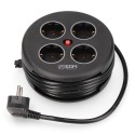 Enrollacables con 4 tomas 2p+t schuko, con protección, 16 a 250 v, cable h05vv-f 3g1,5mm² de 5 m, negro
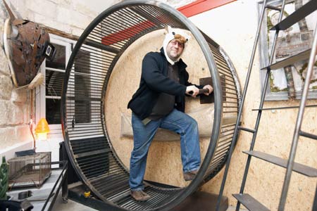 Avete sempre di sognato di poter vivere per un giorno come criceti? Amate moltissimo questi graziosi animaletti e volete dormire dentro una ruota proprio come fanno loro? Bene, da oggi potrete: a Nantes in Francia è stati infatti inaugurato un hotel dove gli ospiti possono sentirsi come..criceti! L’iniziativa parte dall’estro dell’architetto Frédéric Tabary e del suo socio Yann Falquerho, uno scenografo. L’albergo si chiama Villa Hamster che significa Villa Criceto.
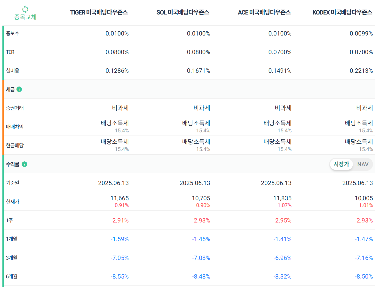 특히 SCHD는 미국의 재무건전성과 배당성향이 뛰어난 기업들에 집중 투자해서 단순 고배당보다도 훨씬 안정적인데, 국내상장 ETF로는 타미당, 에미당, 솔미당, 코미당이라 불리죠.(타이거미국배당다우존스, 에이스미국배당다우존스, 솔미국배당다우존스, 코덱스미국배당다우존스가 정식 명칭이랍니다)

• [Aim of the task]:
Make an exact copy of the listing. Leave its pictures out.

• [Task result]:
 Enrollacables con 4 tomas 2p+t schuko, con protección, 16 a 250 v, cable h05vv-f 3g1,5mm² de 5 m, negro
 Avete sempre di sognato di poter vivere per un giorno come criceti? Amate moltissimo questi graziosi animaletti e volete dormire dentro una ruota proprio come fanno loro? Bene, da oggi potrete: a Nantes in Francia è stati infatti inaugurato un hotel dove gli ospiti possono sentirsi come..criceti! L’iniziativa parte dall’estro dell’architetto Frédéric Tabary e del suo socio Yann Falquerho, uno scenografo. L’albergo si chiama Villa Hamster che significa Villa Criceto.
 특히 SCHD는 미국의 재무건전성과 배당성향이 뛰어난 기업들에 집중 투자해서 단순 고배당보다도 훨씬 안정적인데, 국내상장 ETF로는 타미당, 에미당, 솔미당, 코미당이라 불리죠.(타이거미국배당다우존스, 에이스미국배당다우존스, 솔미국배당다우존스, 코덱스미국배당다우존스가 정식 명칭이랍니다)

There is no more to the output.